The women are just like that with the water and the traumas. We give somebody a hug and we take those traumas inside of us, and then when we have our moons, when we have our menstrual cycles, which have also been turned into something that's horrific ... They tell us women we're to be ashamed of them. You need to go to a room and be by yourself, and they make all these bad things out of having this when it's actually one of the most beautiful things in the world as a woman to have a menstrual cycle, because our teachings, our original teachings, which have been lost, is that when we are on our moon cycles, they fear us, and the reason that they fear us is because all of those traumas that we have taken in over the month are now distributing back into Mother Earth.

Our responsibilities as women was when we were on our moon times, we would go to the swamps and we would sit in the swamps, and that's where we would have our menstrual cycles. That's where we would have our moons, and our sisters and our grandmothers would come in and they would honor us, and they would pamper us and take care of us because we were going through that shedding process. All of those traumas that we carried, we were now shedding, and we were giving that to the swamp. We were giving that back to Mother Earth.
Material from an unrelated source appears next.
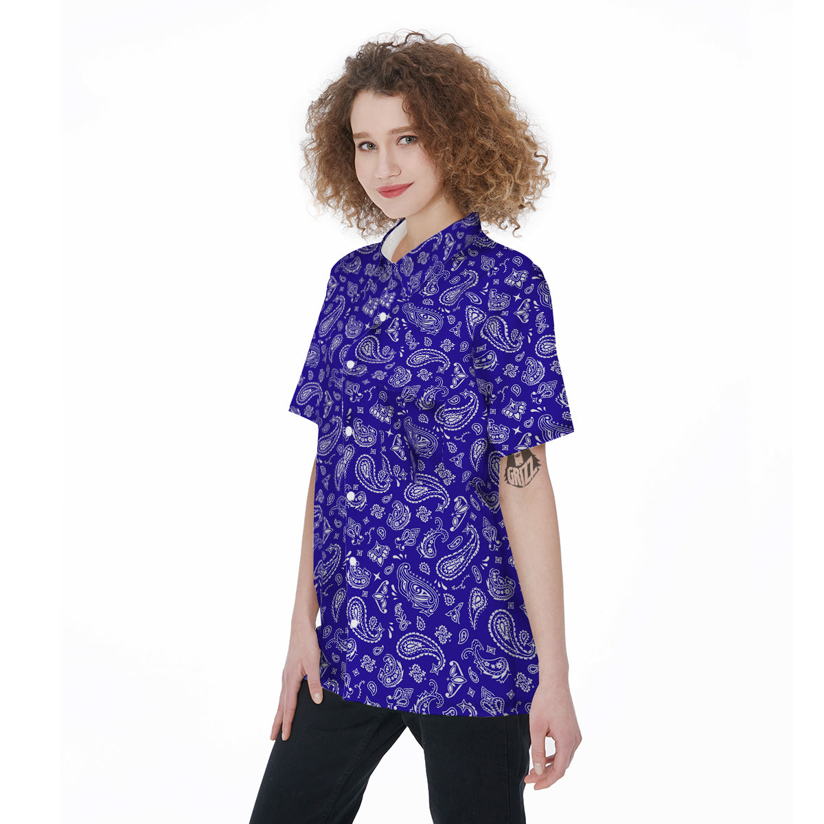 Navy Paisley Bandana Print Women's Short Sleeve Shirts

By giving that back to Mother Earth, that was teaching Mother Earth our traumas and our sicknesses and that's how she was reading us. That's how she gets her information from us because we were sitting in the swamps and we were telling her about the cancers, about the sicknesses that we're all going through. That's how she knows.

The plants aren't going to know what they need to do for us if we're not telling them. When we were on our moons, that's when all of that would happen, and that's where all of our medicines come from is the swamp. That's that beautiful circle of life. When you give to her those traumas, we give her those traumas that we have, and she cycles it and gives us life, gives us medicines to heal those.

When I realized the beauty of being a woman and how blessed I really was, after being traumatized for so many years and now, to me, that's the most beautiful thing in the world, and it's really simple, and it's just really, really simple. It's not going to take us nine years of college to get there. We just have to teach each other how to re-love each other and love ourselves and love where we came from. It's just as simple as that."